In international law and the practice of international politics, partitioning countries is generally seen as a bad thing and something to be avoided almost always. So with Europe's newest independent country, Kosova. Some have suggested that the country should be partitioned by giving to Serbia the northernmost strip of Kosova's territory, where ethnic Serbs are in the majority. This has been rejected by Kosova's leadership, and it is unlikely that the international players who count will take up this idea.

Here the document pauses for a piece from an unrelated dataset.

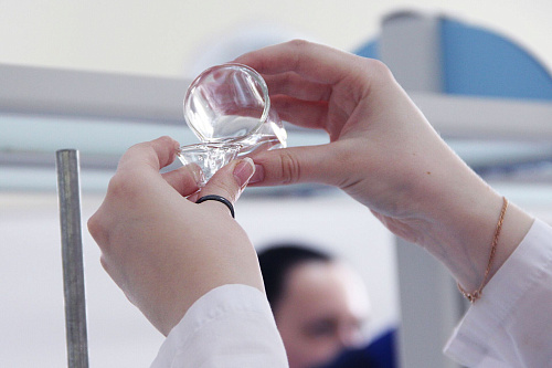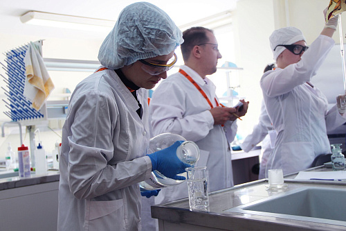 Конкурс состоял из двух частей: теоретической и практической. И у начинающих лаборантов, и у профессионалов теория состояла из тестовых заданий и пяти задач, а практика – из двух экспериментов. Студенты на практике определяли качество воды– её жесткость–комплексонометрическим методом и содержание хрома в воде, используя спектрометр, а опытные лаборанты занимались определением вязкости масла как нефтепродукта и выявлением хлоридионов в воде.

However, partitioning Serbia by taking the province of Kosovo and letting it become an independent state seems to be less problematic, at least to the major Western powers. The idea seems to be that Serbia under Milosevic essentially alienated itself from Kosovo by systematically oppressing its people and launching a campaign of outright ethnic cleansing prior to and during the NATO bombing campaign of 1999. This looks a bit like international law being made on the hoof, and it will be interesting to see whether highly oppressed regions of the world start having their independence from their oppressors recognized. The evolving principle does at least suggest in the Kosovan case that if the new state ultimately fails to protect the civil and personal rights of its ethnic Serbs, then they will have a legal right to have their majority areas secede and reintegrate with Serbia.
The Kosovan leadership are perhaps mindful of the extent to which their state's legitimacy hangs on it managing to be a country for all its citizens. Prime Minister Hashim Thaci and President Fatmir Sejdiu have both pledged to end discrimination against ethnic Serbs; symbolically, their pledge was delivered in both Albanian and Serbo-Croat. But such talk is cheap, and plays well in Western Europe. Anecdotal evidence suggests that in much of Kosova you would be in danger of literally being killed if you were heard speaking Serbo-Croat in public. Kosova's leaders may face an uphill battle to integrate the country's Serbs into Kosovan life.